The South China Sea is an oligotrophic marginal sea located in the tropical-subtropical Northwestern Pacific Ocean. Under the influences of monsoon winds, both the physical and biogeochemical processes exhibit distinct seasonal variability in the upper waters. In order to study the seasonal variations of surface phytoplankton, a one-dimensional coupled physical-biogeochemical model was developed and applied to the deep basins of the Northern South China Sea, away from the coastal upwelling regions. Forced under real-time surface monsoon winds and heat flux, the model reproduced the mixed layer depth, sea surface temperature and surface chlorophyll-a compared with satellite observations and previous reported values. In seasonal mean, the mixed layer depth was highest in winter (∼61.62 m) and lowest in spring (∼12.07 m). The sea surface temperature was lowest (∼25.05°C) in winter and highest (∼29.20°C) in summer. Furthermore, conspicuous phytoplankton blooms occurred in winter with the highest chlorophyll-a concentration up to ∼0.21 mg m−3. In other seasons, the concentration remained relatively low, especially in summer (∼0.05 mg m−3). The spatial distributions of phytoplankton were closely related with patterns of surface nutrient availability, as well as mixed layer depth and sea surface temperature. These relationships indicate that surface phytoplankton primary production was mainly controlled by nutrient availability, which was dominated by vertical turbulent diffusion in the deep basin of the northern Sea which is away from the coastal upwelling regions. Overall, our model results indicated that the seasonal variability of surface phytoplankton was modulated by coupled effects of physical and biogeochemical processes in the Northern South China Sea.

Introduction

It is believed that marine phytoplankton play important roles in global carbon cycle and global climate change issues (Fasham, 2003). In the upper euphotic zone, the growth of phytoplankton is modulated by several physical (e.g. light, temperature, wind mixing, etc.), biogeochemical (e.g. nutrient availability of nitrate, phosphate, silicate, and iron, natural mortality and zooplankton grazing, etc.) and physiological (e.g. photo-adaptation) factors (Mann and Lazier, 1996). Essentially, phytoplankton need light and nutrients to carry out photosynthesis; therefore these two factors play predominant roles in modulating oceanic primary productions as well as the phytoplankton biomass.
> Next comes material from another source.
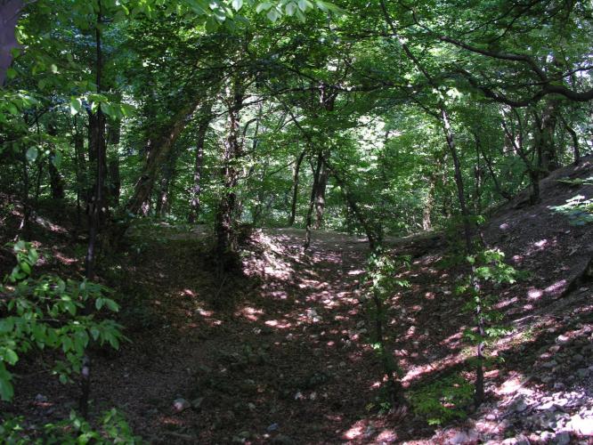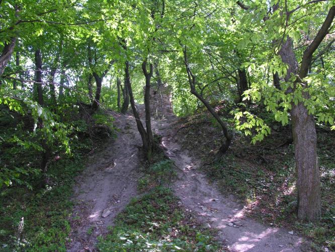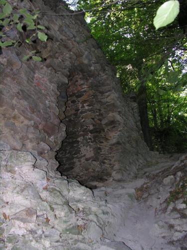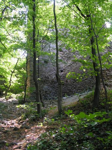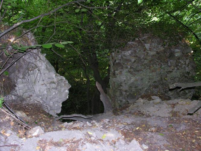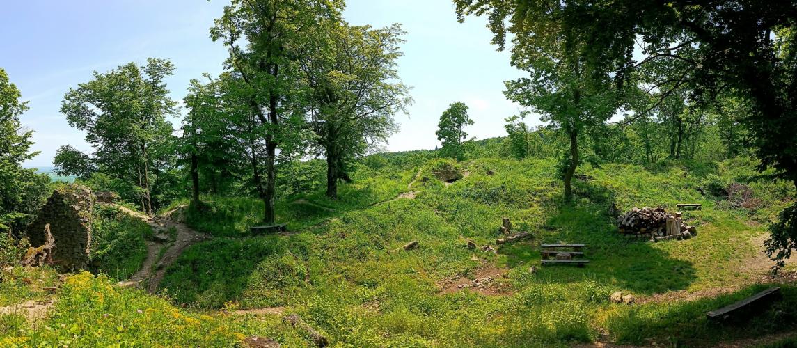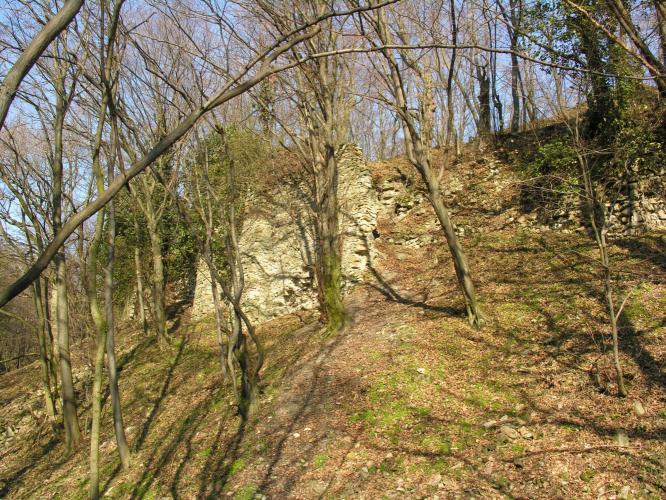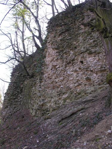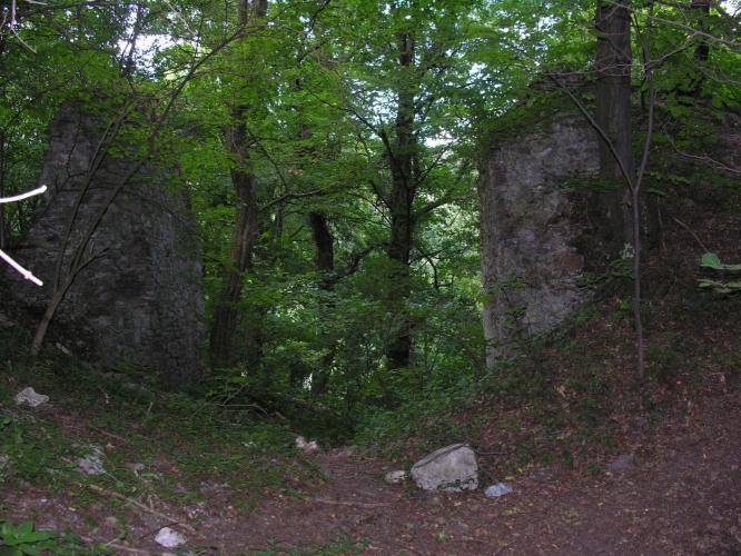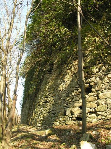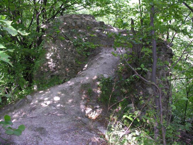 valamint az árkok között sánc is épült. Ez volt a vár leginkább támadható oldala, míg a vártól északra meredeken lejtő hegyoldal mentén külső védművek nem épültek.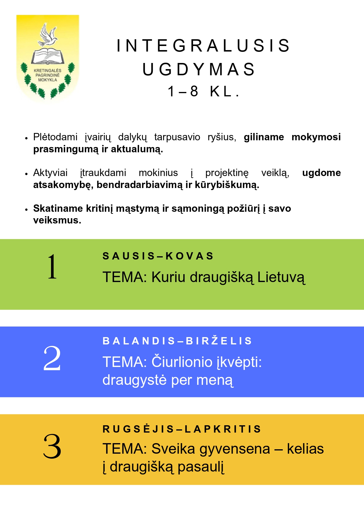 Kretingalės mokyklos aštuntokai, prisidėdami prie integruoto ugdymo iniciatyvos „Kuriu draugišką Lietuvą“, dalyvavo projektinėje veikloje, kurioje

In most temperate coastal waters and northern North Atlantic, phytoplankton standing stock always experiences a characteristic seasonal cycle, which includes a strong spring increase known as the spring blooms (Sverdrup, 1953). Because of different physical and biogeochemical conditions in various open oceans, this seasonal pattern is not always the case, especially in the subtropical gyres, the equatorial zone, and upwelling regions (Miller, 2004). Does the South China Sea (SCS), as an oligotrophic marginal sea located in the tropical and subtropical Northwestern Pacific Ocean (NPO), experience a spring bloom in the phytoplankton standing stock in the upper water column?

It is known that the SCS is a semi-enclosed marginal sea, with a total area of about 3.5 × 106 km2 and with maximum depth more than 5500 m in the center deep basin (Chen et al., 2001). Situated between the western Pacific warm pool and the Tibetan Plateau, the SCS is under the persistent influence of South East Asian Monsoon wind which prevails in the northeastward in winter and reverses to southwestward in summer, spring and autumn being transitional periods (Wong et al., 2007). And the seasonal reversing monsoon winds play important roles in regulating the upper ocean physical and biological processes in the SCS (Liu et al., 2002; Gan et al., 2006).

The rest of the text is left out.